Teraz tylko dwa słowa nie na temat. Dziś w skrzynce znalazłam list a w środku lizak i karktę, która opowiada o wzruszającej historii dziewczynki z porażeniem mózgowym. Początkowo myślałam, że to lokalna inicjatywa jakiejś nowosądeckeiej rodziny w potrzebie. Jednak przy bliższym spojrzeniu to adres jest gdzieś chyba ze Śląska i nieznana "funacja" dając lizaka i cytując słowa Jana Pawłą II chce 19.90 zł i wpłate 1 % na KRS. Sprawdziłam w internecie i okazuje się, że ich KRS nie ma nawet statusu OPP czyli organizacji pożytku publicznego. To znaczy, że nikt ich nie może sprawdzać na co idą datki. Oczywiście nie chce teraz demonizować organizacji o której może się mylę i pomaga ale nie wiadomo ile idzie do ich prywatnych kieszeni.  W dodatku nigdzie nie można znaleźć zdjęć sali rehabilitacyjnych ani progresu tych dzieci w zdrowiu a oranizacja ma już ponad 3 lata więc to bardzo dzwine.
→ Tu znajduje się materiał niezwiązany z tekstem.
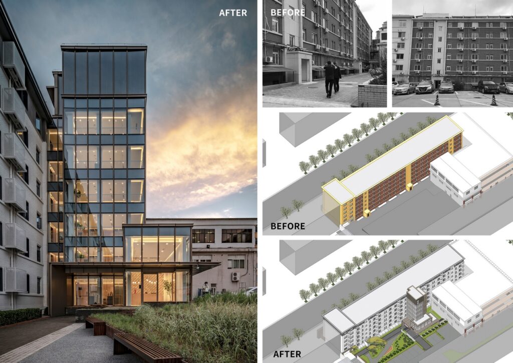 HONGSHI DESIGN: Winner of International Residential Architecture Awards 2023. Our site is located on the northern Central Axis of the Beijing capital city center, with the original architecture built in 1985. The main building consists of 6 levels, with the façade constructed mostly with traditional red bricks.

Jeśli jestem w błędzie to przepraszam ale to wygląda podejrzanie.Pewnie też dostaniecie taki list w skrzynce jeśli jesteście w Sączu. Upewnijcie się czy ludzie którym przekazujecie pieniądze są uczciwi bez względu czy to dzieci z Afryki, hospicjum czy seniorzy. Ja jestem w organizacji Mam Głos czyli takie mini schornisko dla zwierząt mamy KRS z OPP i zaręczam, że wszystko jest w porządku więc jeśli ktoś chce pomóc, wstąpić do wolontariatu albo adoptować to macie link do ich fb gdzie jest więciej informacji: klik










Filmy!!!

Jak zwykle zachęcam do obejrzenia materiałów które w świetny sposób przybliżają kwintesencje całego problemu. 

                                                           Ziemianie


    


Ziemianie wycięte ujęcia






                                        Inspirujący wykład





Cowspiracy 






Wywiad z Richardem Kuklińskim ( nie o weganizmie)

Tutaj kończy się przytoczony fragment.